Available data.
* * *
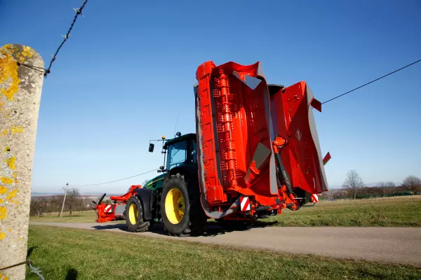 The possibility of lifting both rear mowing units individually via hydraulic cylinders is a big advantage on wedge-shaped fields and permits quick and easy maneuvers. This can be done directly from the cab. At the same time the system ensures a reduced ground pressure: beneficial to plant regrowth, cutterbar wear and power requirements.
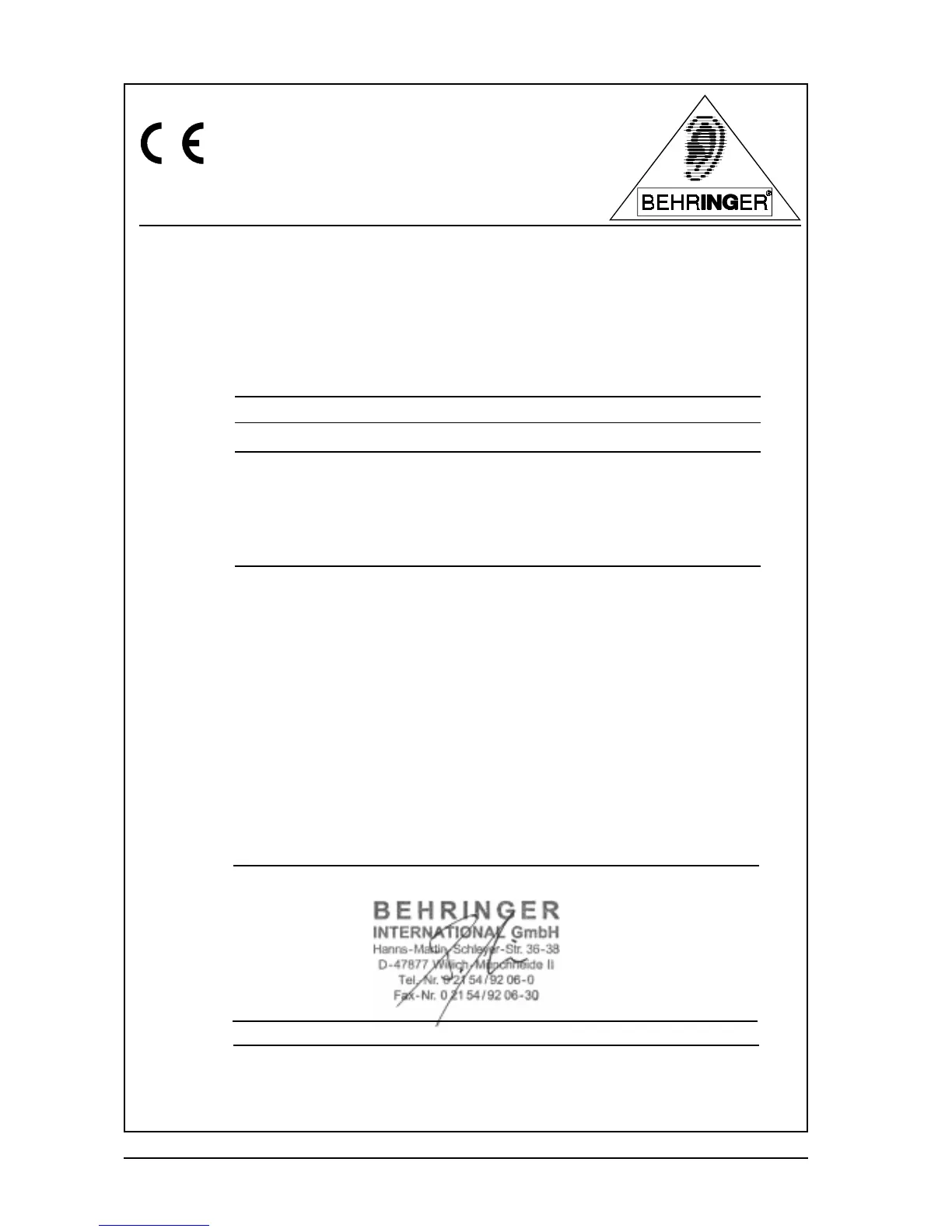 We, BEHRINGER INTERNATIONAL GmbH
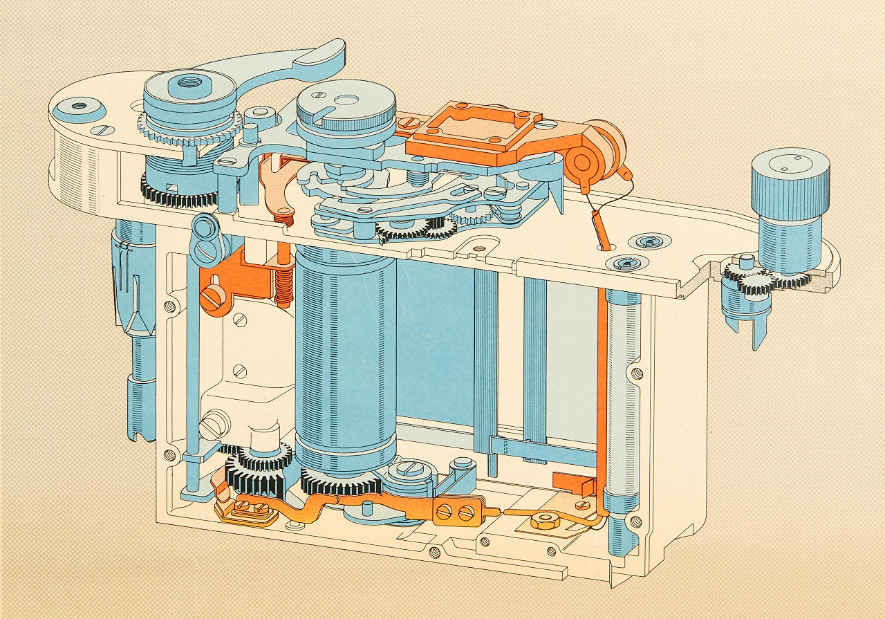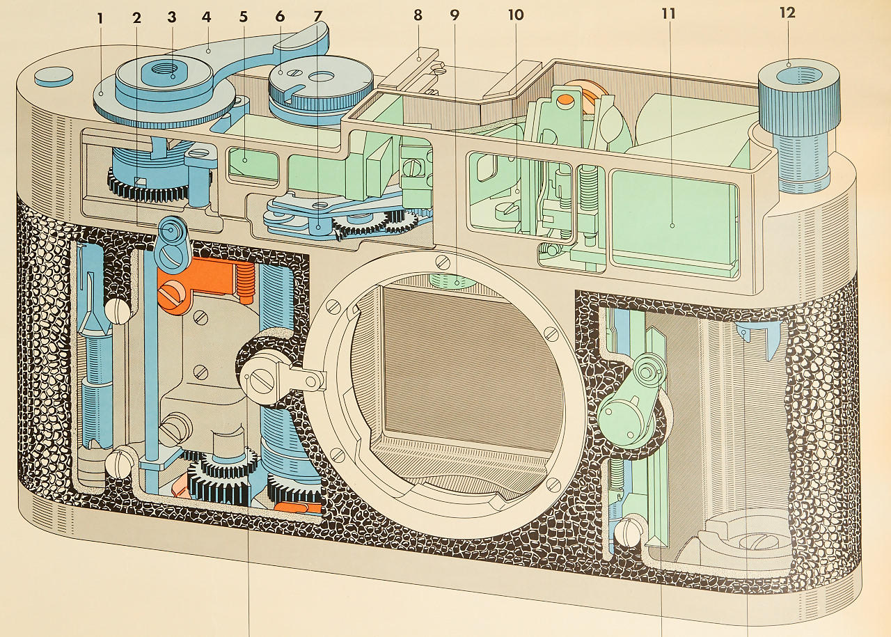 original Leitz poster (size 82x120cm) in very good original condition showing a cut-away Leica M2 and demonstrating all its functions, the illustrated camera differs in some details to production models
* * *
Assignment.
Keeping pictures out, repeat exactly the lines from the one containing "We, BEHRINGER INTERNATIONAL GmbH" through the end of the listing.

Result below.
 We, BEHRINGER INTERNATIONAL GmbH
 original Leitz poster (size 82x120cm) in very good original condition showing a cut-away Leica M2 and demonstrating all its functions, the illustrated camera differs in some details to production models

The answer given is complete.